Is there a reason, other than the BeautifulSoup library, that Python is considered by many to be the ideal language for web scraping? I would think that JavaScript would be a far better choice since it could natively parse scripts on the page and libraries for querying and parsing the DOM have existed for a long time in JavaScript and are well known (to the point of being boring -- eg: jQuery).
You don't really get any benefit from writing it in javascript, other than the normal benefits you get from writing anything in javascript. (I say this having very little experience with server-side javascript, so take it with a grain of salt)
DoM emulation and selectors are pretty much equivalent between nodejs and python, you can use css or xpath selectors on html/xml content on either of them. Either way you need to emulate something like a DoM, as neither language/execution-environment has a "native" DoM.
You don't want to execute random javascript code from the web inside your scraper, and just being able to parse the scripts doesn't do you much good. So you're not getting the main advantage I think you're suggesting, being able to emulate page javascript, being able to actually run that code.
Generally if you want to interact with javascript you need to do it in another process (I guess a sufficiently advanced sandbox could work too, an interpreter in your interpreter, but so far that doesn't exist). If you're already going to be running that javascript in a different process for security reasons that different process might as well just be a "remote controlled" web browser.

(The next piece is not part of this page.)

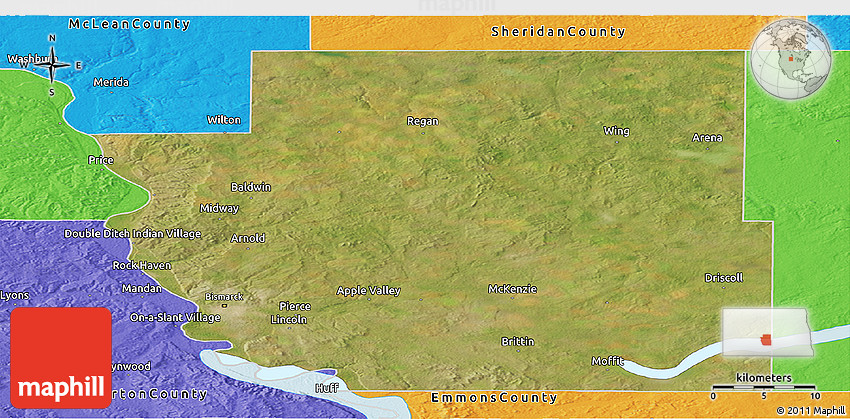 Satellite map shows the Earth's surface as it really looks like. The above map is based on satellite images taken on July 2004. This satellite map of Burleigh County is meant for illustration purposes only. For more detailed maps based on newer satellite and aerial images switch to a detailed map view.

Historically that was done using selenium, which has good python bindings.
Now days it's being done more with playwright, which started out as a nodejs binding but is moving towards python....
Ultimately I think the reason is that there's no real advantage to using javascript and python is a nicer language with a healthier ecosystem, but your mileage my vary.
Actually one big advantage I see is the ability to quickly come up with needed functions and code from Browser DevTools then use the exact same code in a node script.
Personally I use this method with Puppeteer for advanced pages such as Single Page Apps (SPA) and other pages that depend on JavaScript, CSS, or other features in the page. Another example of an advanced page would be a site where you have to psychical scroll and wait for content to load from a web service. In these cases a headless browser with JavaScript makes the most sense to me.
I've found where it gets tricky with JavaScript is if you have a single missing `async/await` you can introduce bugs in your code that take extra time to solve.
For simple pages I do like Python and that you don't need `async/await`.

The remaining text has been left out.